- MATERIAL PROVIDED:
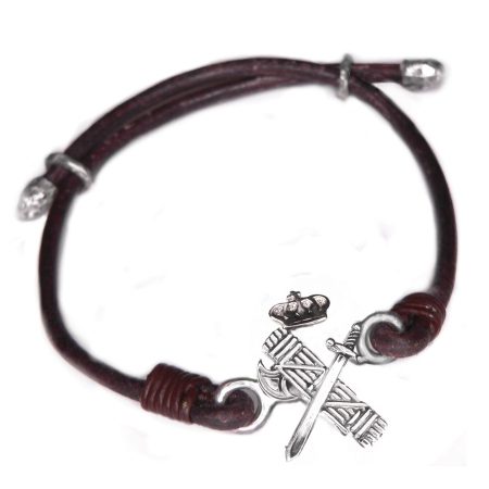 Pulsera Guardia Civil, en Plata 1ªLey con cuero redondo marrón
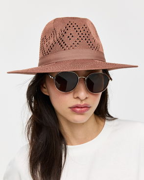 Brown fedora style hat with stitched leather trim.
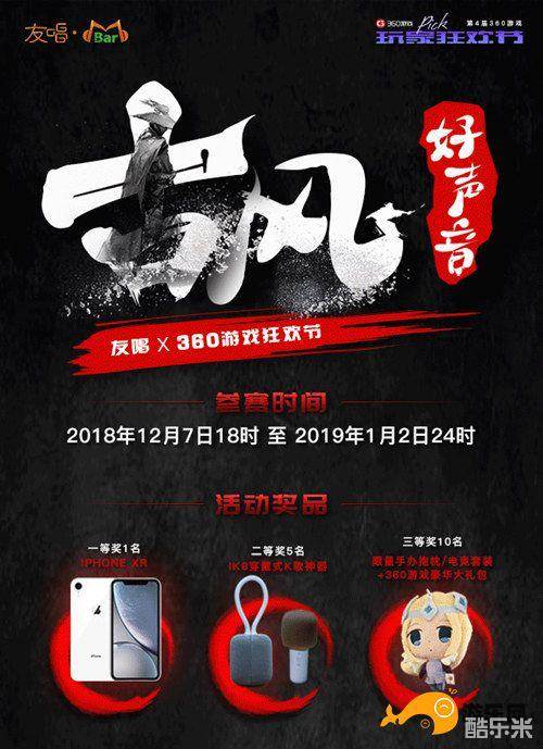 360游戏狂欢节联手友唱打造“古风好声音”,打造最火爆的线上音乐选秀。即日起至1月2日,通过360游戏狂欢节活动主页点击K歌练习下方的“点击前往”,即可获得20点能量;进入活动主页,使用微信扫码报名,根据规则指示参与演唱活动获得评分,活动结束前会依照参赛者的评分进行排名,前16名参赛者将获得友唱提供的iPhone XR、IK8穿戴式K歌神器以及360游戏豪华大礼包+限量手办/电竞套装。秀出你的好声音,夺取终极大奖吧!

==

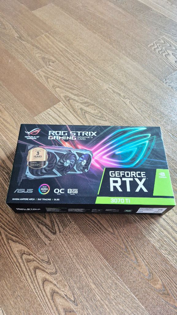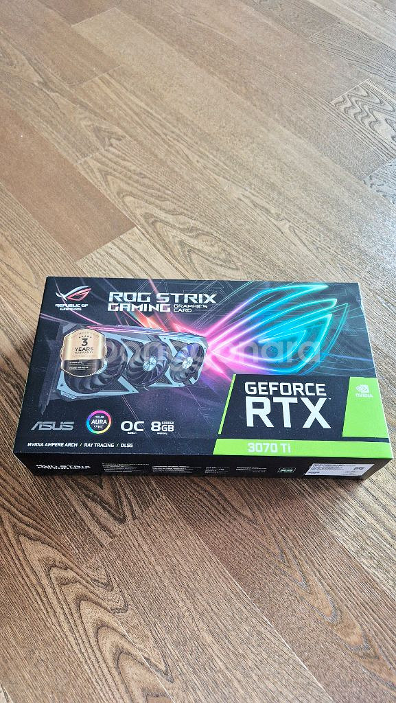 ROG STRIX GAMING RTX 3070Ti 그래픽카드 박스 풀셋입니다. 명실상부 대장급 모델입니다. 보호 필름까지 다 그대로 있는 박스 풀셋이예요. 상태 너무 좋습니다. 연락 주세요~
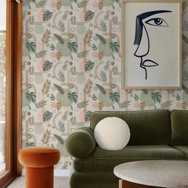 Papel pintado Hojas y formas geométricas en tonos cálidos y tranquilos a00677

--

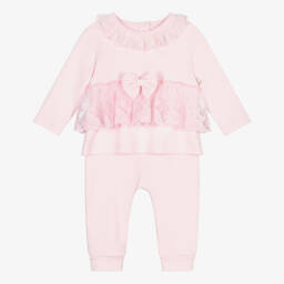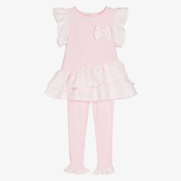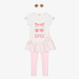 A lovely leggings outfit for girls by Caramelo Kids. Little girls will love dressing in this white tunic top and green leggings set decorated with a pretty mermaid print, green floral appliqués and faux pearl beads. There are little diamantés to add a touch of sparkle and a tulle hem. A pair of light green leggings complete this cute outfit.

- TASK:
Exactly the lines above, from the one containing "Brown fedora style" down to the one containing "360游戏狂欢节联手友唱打造", are to be repeated, including both ends. Pictures are not part of the copy.

- EXERCISE RESULT:
 Brown fedora style hat with stitched leather trim.
 360游戏狂欢节联手友唱打造“古风好声音”,打造最火爆的线上音乐选秀。即日起至1月2日,通过360游戏狂欢节活动主页点击K歌练习下方的“点击前往”,即可获得20点能量;进入活动主页,使用微信扫码报名,根据规则指示参与演唱活动获得评分,活动结束前会依照参赛者的评分进行排名,前16名参赛者将获得友唱提供的iPhone XR、IK8穿戴式K歌神器以及360游戏豪华大礼包+限量手办/电竞套装。秀出你的好声音,夺取终极大奖吧!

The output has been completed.